There is an old quip that goes something like this "It's not that he doesn't know anything, it's that he knows so much that isn't so." This pretty accurately sums up what so often passes for common wisdom in the database world. Over the next few posts I want to address some phrases that if you've been around databases for more than a couple of years you have heard tossed around as if they were axioms, but which on serious reflection are nonsense.
Today I'm going to explore Unstructured Data. "Unstructured data" is an oxymoron. There is no such thing and never can be. Unstructured data is literally nonsense, it's a bunch of 1's and 0's in no particular order and it means nothing; it's white noise. If it's unstructured, it's not data, and if it's data it cannot possibly be unstructured.
The common examples of unstructured data are things like books, documents, videos etc.
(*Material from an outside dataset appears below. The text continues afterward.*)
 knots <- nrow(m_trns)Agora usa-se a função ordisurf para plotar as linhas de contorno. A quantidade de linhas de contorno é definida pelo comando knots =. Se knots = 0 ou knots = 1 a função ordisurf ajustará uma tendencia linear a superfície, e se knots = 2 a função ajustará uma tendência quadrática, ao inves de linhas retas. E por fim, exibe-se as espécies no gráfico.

All those formats are HIGHLY structured and must remain so if they are to retain their ability to convey information. In fact, when people say "unstructured data," what they really ought to say is complex structured data. What they intend to convey is the idea that since the data contained in the book or video is so complex and organized internally, we don't need the database to manage that structure. This is true for nearly every data element even for the very simple data types.
Let's take an integer data type, it doesn't get much simpler than that. The DBMS has no way of "knowing" whether the data stored in an integer column is correct (should it be 123 or 321?). The data has to be assumed to be accurate and consistent within itself. The DBMS can only ensure that the data it stores is plausible, i.e. that it is in fact an integer and it also meets any constraint criteria that have been defined for it.
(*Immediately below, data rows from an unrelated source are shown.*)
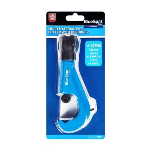The Blue Spot Tools Multi Material Pipe Cutter With Deburring Reamer (6-45mm) is ideal or use deburring or chamfering pipes. For use on 6-45 mm PPR, copper, brass and aluminium tubes. The deburring blade is manufactured from alloy steel. Reamer is used to remove the burr inside metal tubes.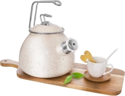 Asa cómoda para un agarre firme; los platillos de bambú protegen la mesa del calor y atrapan las gotas.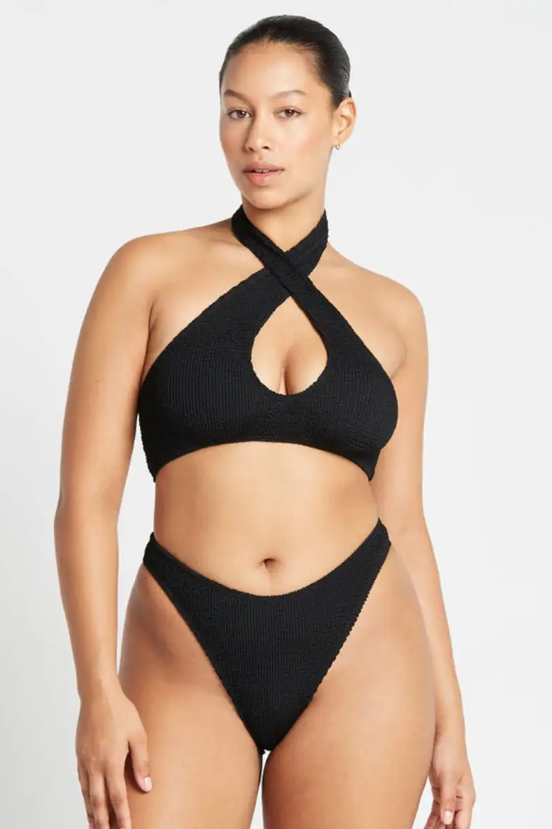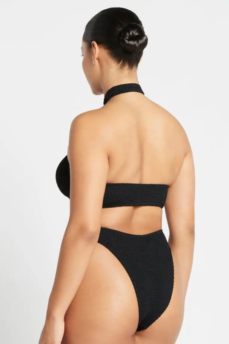 The Christy Brief from Bound by Bond-Eye Australia has a high cut and high waistline. Bound’s signature ribbed seersucker fabric forms to your body, giving you a perfect fit.

Sometimes when people talk about unstructured data they refer to the idea that they don't know what kind of data they are dealing with and thus can't define a schema in which it can be effectively held. We often hear of the benefits of "schemaless" databases in the brave new world of "big data" or NoSQL. It's true that some NoSQL database technologies (notably document store and key value databases) do not require one to define all the data in the documents stored in it. This is touted as being highly flexible and it is to some extent. However, if there has been no effort to define what the data is, good luck querying it back out.
The fact of the matter is that a schema gives context and meaning to data. A truly schemaless database does approach unstructuredness, but the closer you get to that the more difficult will be the task of making any sense of it. Unless the intent is simply to store data a schema is required. Whether that schema is an integral part of the DBMS in relational, hierarchical, and graph databases, or whether it is merely implied as in document, key value, and column family databases, it must still exist for the data to be useful.
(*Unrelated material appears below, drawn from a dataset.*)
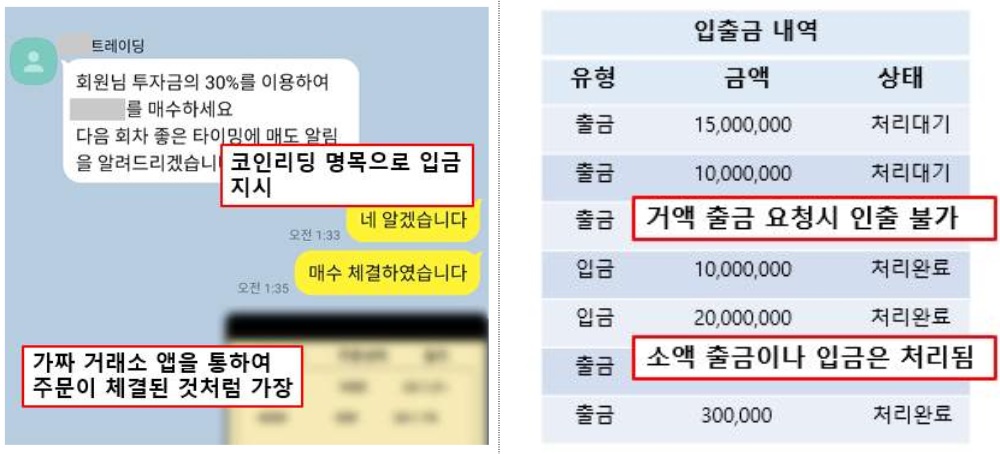 B씨는 A씨에게 더 큰 돈을 벌기 위해서는 투자금을 높여야 한다고 부추겼고, A씨는 차차 입금액을 늘려 총 투자금이 수천만 원 단위에 이른 뒤 수익금을 인출하려고 하자, 해당 거래소는 수수료·세금 등 명목으로 수익금의 40%를 추가 입금해야 된다며 출금을 거절하고, A씨가 항의하자 투자방에서 A씨를 강제 퇴장시키고 연락을 차단합니다.

One of the stated advantages of the implied schema technologies is the ability to change the implied schema at any time without affecting the data that has been previously stored. However, a moment's reflection should sound alarm bells. Yes, you can, but the real question is; should you? It's often stated that data is the lifeblood of business. Would it be awesome if we could change our blood type at a whim? What if someone else could do it for you without your knowledge? It may be kind of cool and there are certain circumstances in which it might be a lifesaver, but it could also be lethal if the rest of your body which depends on that blood isn't changed at the same time. Or if the blood were changed to oil. Precisely the same thing can happen to your database in these implied schemaless databases.
As professionals we have to be able and willing to think about things and be critically aware of the tradeoffs involved rather than blindly rushing toward the next big thing. We should not allow ourselves to unthinkingly parrot marketing slogans. There are genuine arguments to be made for using one technology or another, but "unstructured data" isn't one of them. It's a term that should not be used. It does convey some meaning due to common usage, but it also conveys much that just isn't so.